There's only fury and coldness in Jacob's gaze.
“I’m not going to save her, Liuthkrav,” Jacob says. “I'll show her what scary really means.”
He looks directly at the Golem, and the hunger in his eyes is almost scary.
“She and that Infernal who convinced she had to become a monster to survive...” Jacob grabs another giant needle and hands it to the Mithril Golem. “I'm going to find them, and when I do...” Jacob has fury painted all over his face. “And I will kill them both.”
Liuthkrav is speechless.
Jacob looks at the giant needles all around him, hanging from wires of metal, then back at Liuthkrav with a dark, mirthless smile.
“Start the process.”
“Junior Brother...”
She thinks that becoming a monster is going to be enough, that she had to betray a friend, to run away from the Champions--the same people that would have fought for her--that she had to shed all her will to become that?! She thinks that that power makes her the apex predator?! That stripping away your humanity makes you better?!”
“Junior Brother Cloud, I--”
“Fine.
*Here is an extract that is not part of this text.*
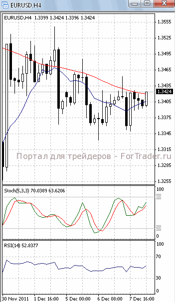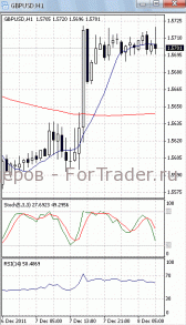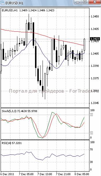 На часовом графике (рис.2) ситуация складывается аналогичным образом. «Быстрая» скользящая средняя, SS и RSI приобрели восходящую направленность, сигнализируя в пользу продолжения фазы роста. «Медленная» скользящая средняя устремлена вниз и пока не подает признаков разворота. Это подтверждает предположение о вероятности возобновления нисходящего движения.

Let her believe that.”
Jacob takes a deep breath.
“Liuthkrav,” he says. “I won't make your Master mistakes, nor mine. But now, start the process. I'll integrate the three drops of Star Metal, and then I'll go back. They're coming to show everyone how scary monsters are, how much better than Champions they are supposed to be. But the moment they step into the arena...”
Jacob stares straight ahead, his gaze piercing through the stone walls of the lab, fixing on a distant, burning horizon.
“They are coming to the arena to show the world what monsters can do,” he says. “So I’m going to be there and show them what happens to monsters.”